Why after six years of a liberal-progressive government that has taxed high-income folks at historically high rates and redistributed the money, has this issue of alleged income inequality gotten worse?
If this were a business confronting an issue so precisely seen by its leaders, one would presume those leaders would be out of work for not having come up with an effective solution.
But they are not in business; they are the government, where there is no actual accountability.
The president and his followers accept no blame and continue to shout “injustice,” hoping no one notices that they are in charge.
If one gives the president and his spokespeople, such as Sen. Bernie Sanders (I-Vt.), the benefit of the doubt (and the doubt is considerable) on their claims that America is uniquely unjust in its wealth distribution, then why are their policy approaches such an abysmal failure?
First, we must examine the basis of their assumption. They seem to genuinely believe that it is not individuals who generate and create economic growth and thus wealth, but rather they themselves, the elected elite and their bureaucracy.
But in America today, the truly wealthy are for the most part the greatest producers of growth, jobs and productivity in the world’s history .
Just a few names make the point: Mark Zuckerberg; Bill Gates; Larry Ellison; and Steve Jobs, before his death. These are the folks who have developed the ideas and products that have kept the U.S. economy on the cutting edge of world growth.
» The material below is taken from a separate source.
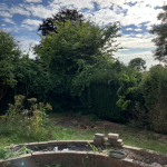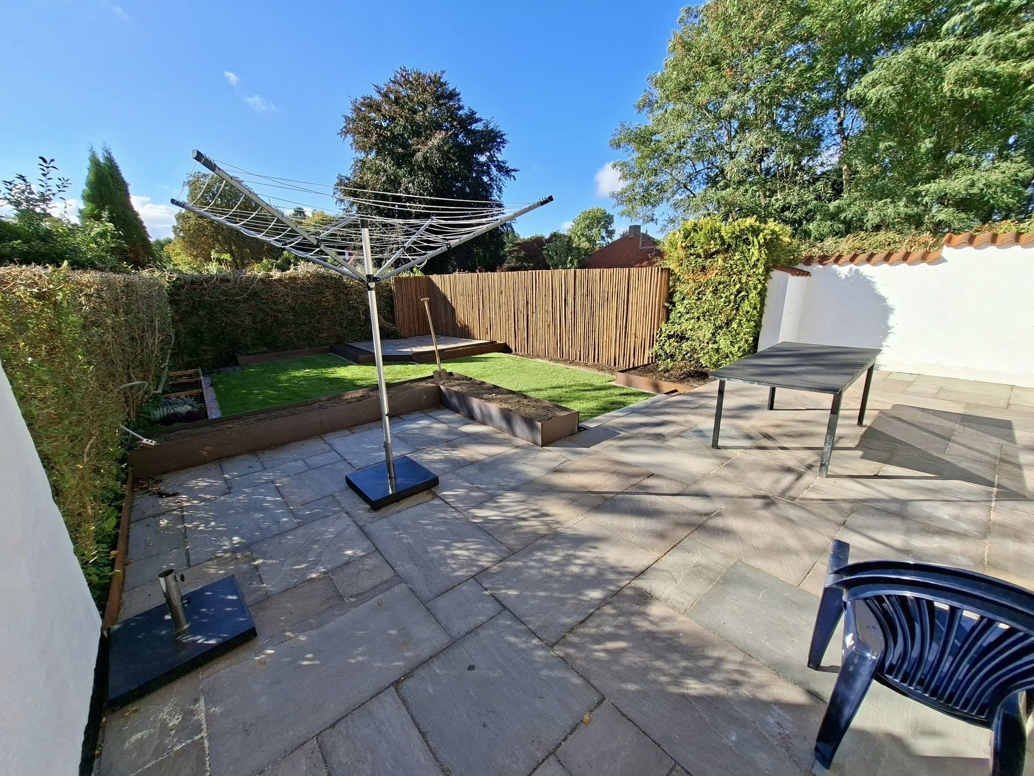 En masse ting i vores have: nedgravet trampolin, anlagt terrasse, stentrappe, træbænk, pilehegn, gyngestativ, bålplads, indkørsel

Under the Democratic Party’s now dominant philosophy, they are people who must be vilified under the label of “too wealthy .”
This may be good political rhetoric but it fuels bad economics. And, when pursued in policy terms, it leads to a bad outcome for the millions of Americans whose jobs and personal prosperity have benefitted from the products these super-wealthy people have originated.
That’s the best they’ve got?
Pretending that Democrats have actually held the reins of government since 2010?
Pretending that tax rates on the wealthy are at historic highs, rather than near historic lows?
Pretending that Mark Zuckerberg has created lots of jobs, or that people actually like rather than tolerate Facebook and Microsoft?
Pretending that computers and social media would never have existed without the biggest players in those fields making billions?
Pretending that most of the super-rich are tech innovators rather than Wall Street tycoons and hedge fund managers?
Gregg then goes on to advocate lower taxes on the rich and then blames teachers unions for not educating Americans well enough because…why not?
It’s such a pathetic, half-hearted attempt that it’s a wonder Politico even bothered publishing it.
Seriously. If this is the best case the Right can make on wealth inequality, they’ve got such a glass jaw that it needs punching at every available opportunity.